ABSTRACTS
Michelle R. Warren (University of Miami)
The Creole Diaspora: Joseph Bédier—Réunionnais,
Parisien, Médiéviste
While the nationalist complicities of medieval studies in Europe have
been well established, rather less attention has been paid to relationships
between scholarship and France’s colonial interests. At the same
time, scholarship needs to attend to the particular place of the colonies-turned-departments
in current debates of postcolonialism. The geographic diversity of this
group makes generalizations even at this level quite difficult to sustain.
The personal, political, and scholarly life of Joseph Bédier affords
a revealing look at some of the complexities of the colonial, postcolonial,
and national processes that have shaped twentieth-century “France.”
Bédier’s complex emotional relationship with the spatially
distant French colony became deeply intertwined with his intellectual
relationship with the temporally distant Middle Ages. His influential
re-evaluations of French literary history ultimately reveal a double effort
of cultural translation—between the eleventh century and the twentieth,
and between France’s south-eastern colonial edge and its metropolitan
center. The combination of this scholarly production with Bédier’s
personal history shapes a compelling narrative of one individual’s
efforts to overcome colonial history—to become literally post-colonial.
Bédier’s letters, speeches, and anecdotal legacy reveal an
adult life shaped by homesickness—a desire for national belonging.
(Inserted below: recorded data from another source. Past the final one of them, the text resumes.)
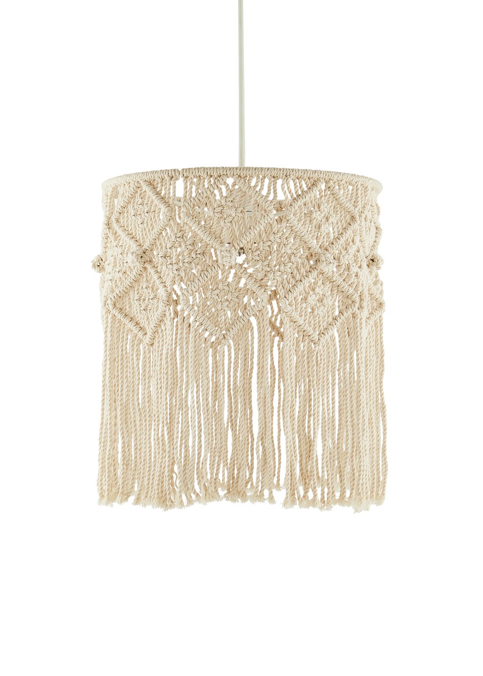 A knotted touch. Add a boho vibe to your room with our calming, cream-coloured macrame pendant light shade. This textured shade casts an atmospheric glow throughout the room. Made from cotton the diamond design & flowing tassels are bang on trend. A perfect friend to hang with. Use with environmentally friendly LED bulbs. No assembly is required, no need for an electrician. Simply attach to an existing ceiling rose & switch on for a beautiful glow. Made from cotton. Recommended wattage: 10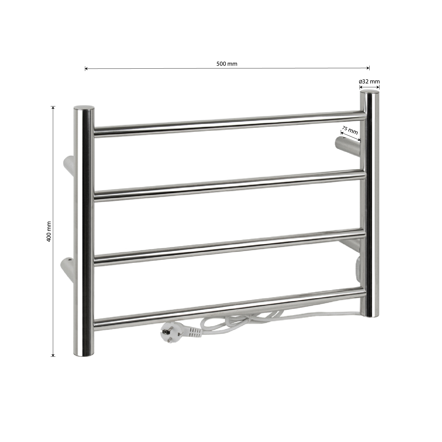 Полотенцесушитель электрический классик, премиум, прямой, лесенк, из нержавеющей стали 304, тэн из углеродного волокна, гармонично впишется в современный интерьер и поможет поддержать комфортную атмосферу в ванной комнате, работает вне зависимости от отопительного сезона, и его можно разместить в любом месте ванной или даже на стене в комнате. Хромированная поверхность устойчива к высоким температурам. Благодаря продуманному расположению труб можно размещать объемный текстиль, сократив время просушки. Установка и ремонт не требуют работы сантехников. Габариты и параметры: ширина 530 мм, высота 400, глубина 75 мм. 4 перекладины с сухим ТЭНом, 40 W, 220-230 V, 50-60 Гц, t - 50°С, IP 44. Комплект: полотенцесушитель, крепёж, провод с евровилкой для подключения. Вес - 2,200 кг, объём - 0,01121 м3.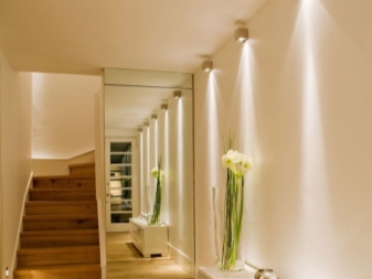 Коридорът е един вид лице на къщата, така че е особено важно осветлението да е ефективно. От съображения за безопасност е по-добре да поставите аварийни светлини, работещи от батерии или акумулатори, на стълбите..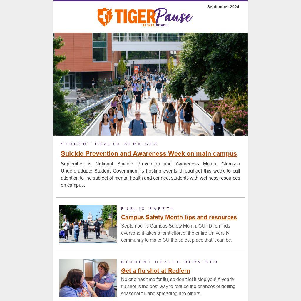 September is National Suicide Prevention and Awareness Month. Clemson Undergraduate Student Government is hosting events throughout this week to call attention to the subject of mental health and connect students with wellness resources on campus.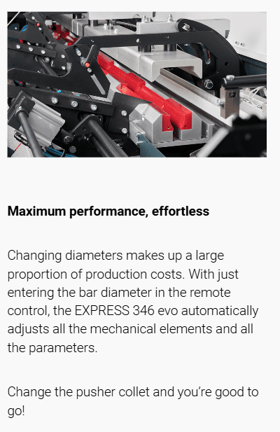 With its improved base and all-automatic guiding system, the EXPRESS 346 evo represents the next step in the integration of technology to speed up daily jobs, simplify tasks and reach a new level of productivity, for bars from dia. 3 to 46 mm.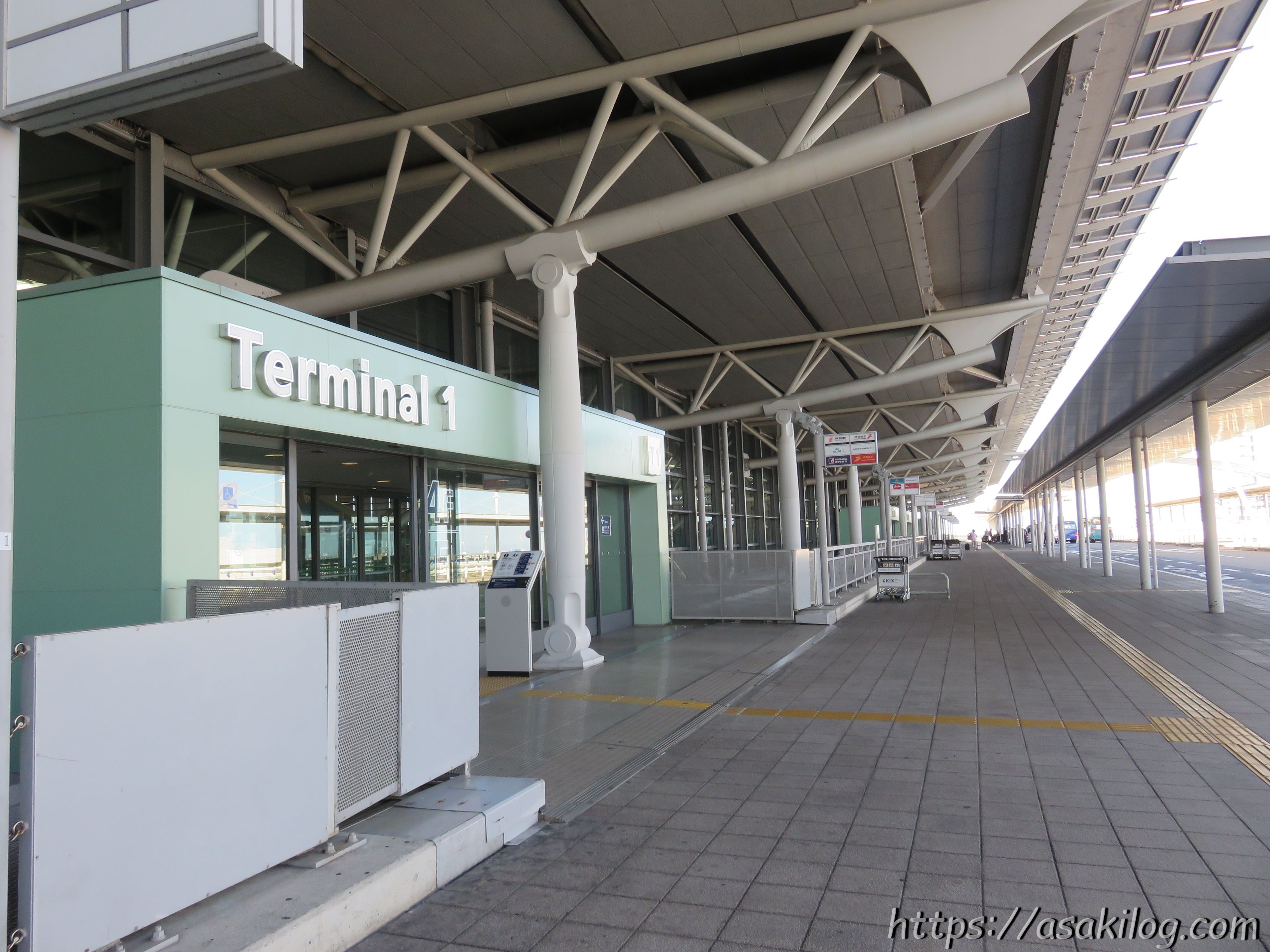 7:15頃~ようやく関西国際空港(第1ターミナル)に到着。4Fの国際線出発フロアーから、2Fの国内線出発・到着フロアへ移動します。ANAカウンターでスーツケース+メッシュバッグ(マリンセット)を預けたり、コンビニで朝ごはんを買ってから、いざ!出発ロビーへ。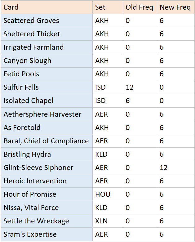 Going against the grain of recent updates, this update witnessed an uptick in curated frequencies for some Legacy staples. All three of these cards are cards I would sell. Containment Priest and Sanctum Prelate, in particular, should experience major price decreases since those cards just don't have that high of a demand.

In this respect, his psychological and intellectual profile resembles
that of more recent migrants who have theorized the psychic status of
“home” in postcolonial contexts (e.g. Edward Said, Salman
Rushdie, Homi Bhabha). The structures of identity at work in Bédier’s
writings differ, however, in that he always lived within France (the colony
became a département in 1946). Born in Paris, Bédier’s
“return” there at age seventeen is, legally speaking, neither
emigration nor immigration; in experiential terms, it is both. Through
his studies of the Middle Ages, he seeks to resolve this fractured relationship
with “greater France” into a permanent belonging undisturbed
by colonial migrations and the sense of “foreignness at home.”